Reaction product with n-butanol of high-boiling stream resulting from the hydroxylation, oxidative cleavage and hydrolysis of vegetable oil saturated and unsaturated C16-C22 triglycerides.

Administrative data

Link to relevant study record(s)

Description of key information

FAV-ES was found to biodegrade under the conditions of the modified Sturm test. After 49 days, a biodegradation of 63% was observed. 
The substance is not considered readily biodegradable as the test substance did not yield 60% degradation in 28 days (only 55%).

Key value for chemical safety assessment

Biodegradation in water:

inherently biodegradable

Additional information

The biodegradation of FAV-ES is determined according to test method OECD 301 B (modified sturm test). The test is carried out at room temperature (23°C ± 2), and in parallel two positive controls are also tested: cellulose microcrystalline Avicell^®(Merck) (insoluble) and sodium acetate (CH₃COONa, soluble).

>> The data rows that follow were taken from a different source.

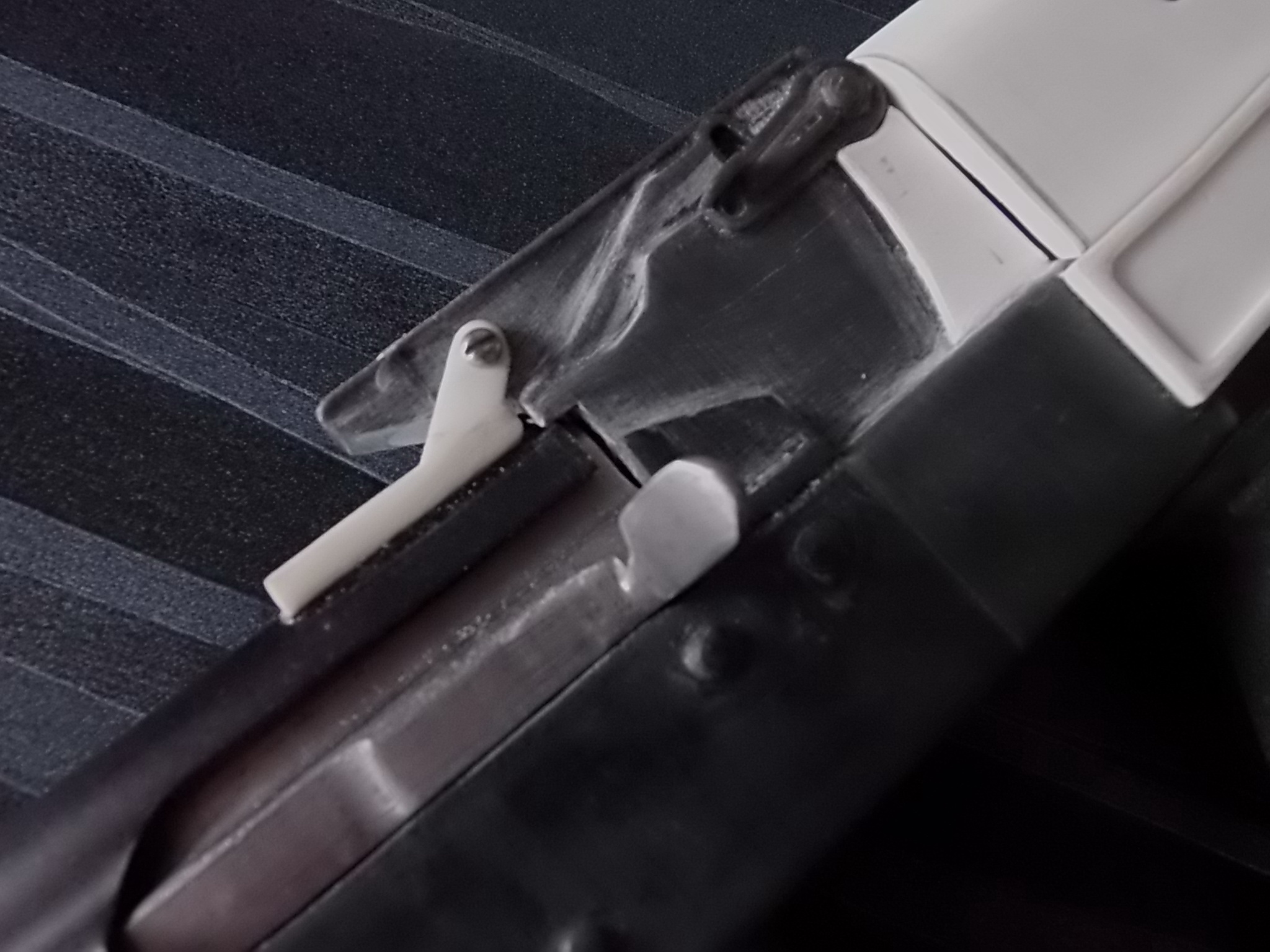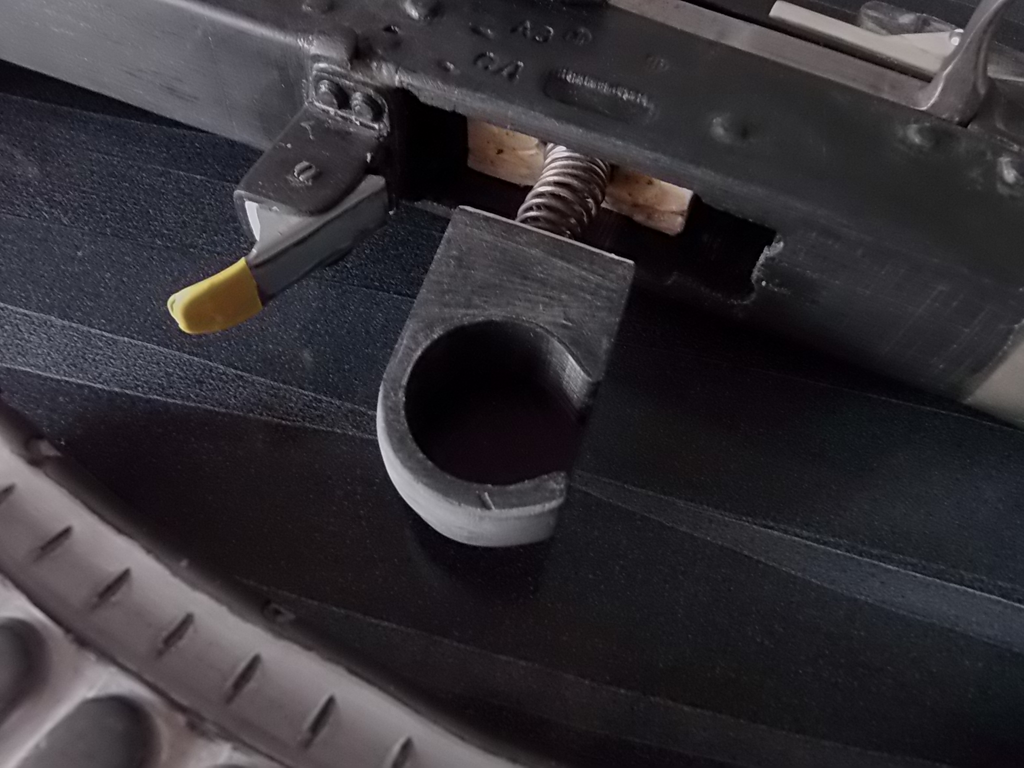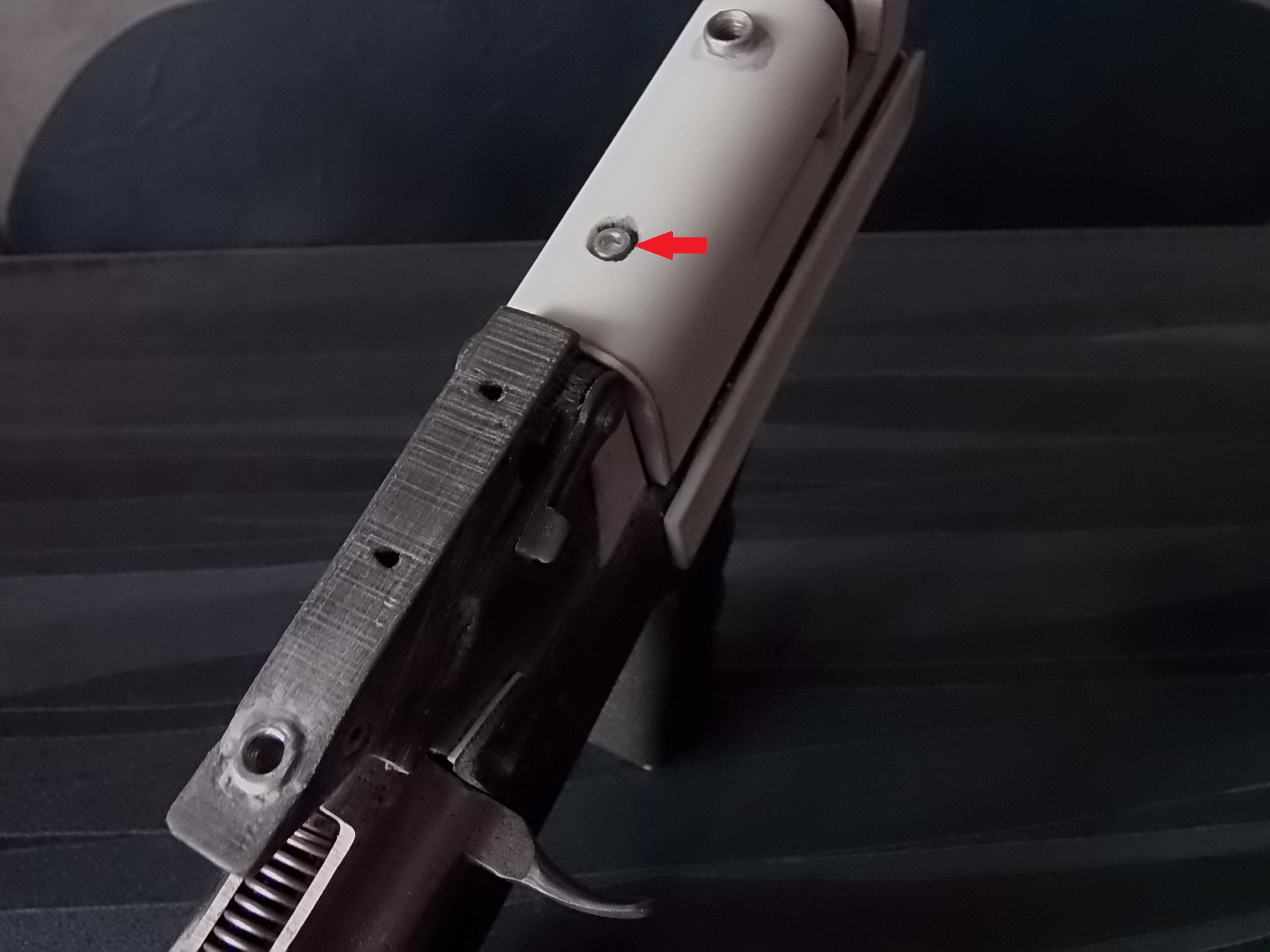 Для более надёжного крепежа крышки ствольной коробки впереди и была напечатана петля из прочного пластика. В оригинале крышка «Грозы» поднимается вверх на такой петле. У меня этого не выходила из-за угла на колодке под целик. Потому крышка моя снимается полностью с коробки. Приклеил петлю к крышке на цианокрилатный клей с метал.опилками. Затем наметил на колодке под целик отверстия в ушках петли. Снял крышку и просверлил отверстие насквозь. В него вклеил шестигранную втулку с внутренней резьбой М3. Села в отверстие она на ЭДП туго за счёт своих граней. Теперь можно одеть крышку на место,защёлкнуть её кнопкой на возвратной пружине надавив на неё сверху,а затем закрутить через ушки петли 2 крепёжных винтика во вклеенную втулку. Примерно так всё:
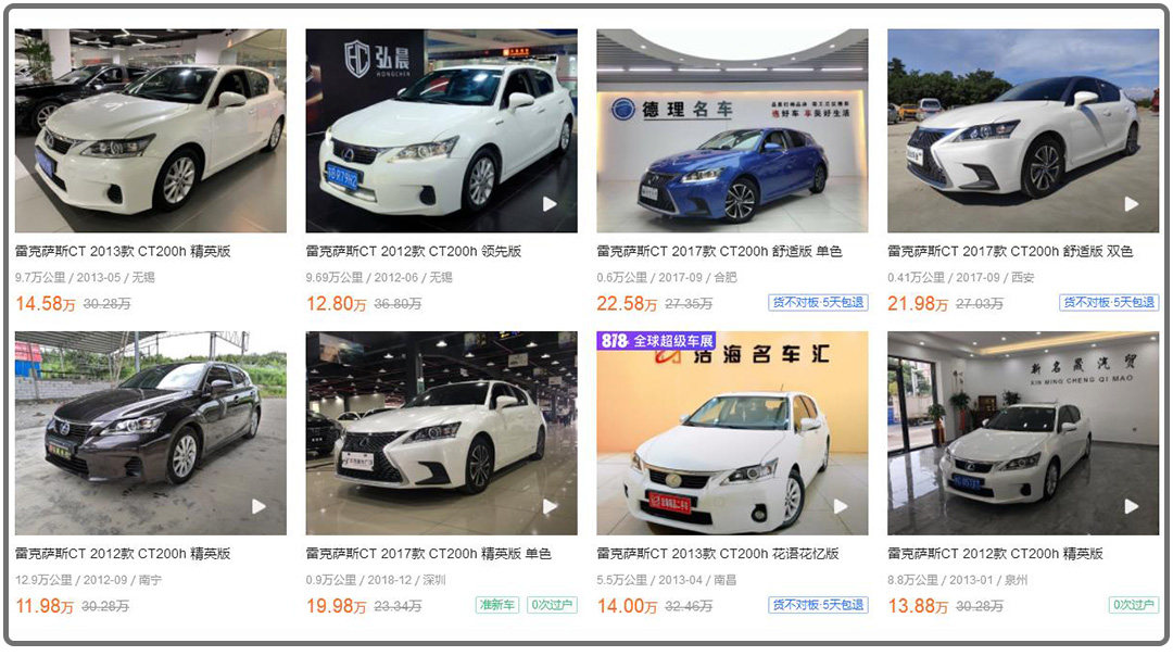 那么经济耐用的车型有哪些?从二手车的交易表现来看,日系车占了很大一部分,凯美瑞、卡罗拉等车保值率高,且交易时间短,根本就不愁卖。这些车毕竟是买菜车,如果想要奢华、个性一点,那么就绕不开雷克萨斯了。前面所说的十几万的两厢车就是雷克萨斯CT200h,二手车的年份主要集中在3-6年。
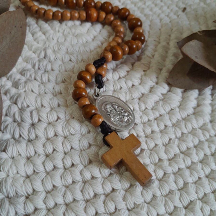Elaborada con hilo negro, madera, medalla italiana y aleación de metales.

The used inoculum is active, in fact the positive controls reached a biodegradation of about 87% after 49 days. The biodegradation of FAV-ES and sodium acetate started immediately, while the cellulose showed a “lag” phase of 3 days. The test fulfilled the validity criteria reported in OECD 301 B.

In accordance with the guideline, FAV-ES cannot be claimed “Ready Biodegradable” in fact it did not reach a 60% biodegradation within the 28 days. As it concerns a UVCB substance, the 10 days window criterion does not apply.

Nevertheless, the product is showing a significant biodegradation: after 28 days the absolute biodegradation of FAV-ES is 55.7%. Therefore, it is concluded that while FAV-ES cannot be considered readily biodegradable, it does biodegrade to a significant extent. With this respect, the Guidance on the Application of the CLP criteria (section II.3.1) mentions that borderline degradation might indicate that some of the individual constituents of UVCB substances may be rapidly degradable and others may not be rapidly degradable. In this case, a more detailed assessment of the degradability of the individual constituents in the UVCB may be required. When the constituents that are not-rapidly degradable constitute a significant part of the complex substance, e.g. more than 20% - or for a hazardous constituent even lower - the substance should be regarded as not rapidly degradable.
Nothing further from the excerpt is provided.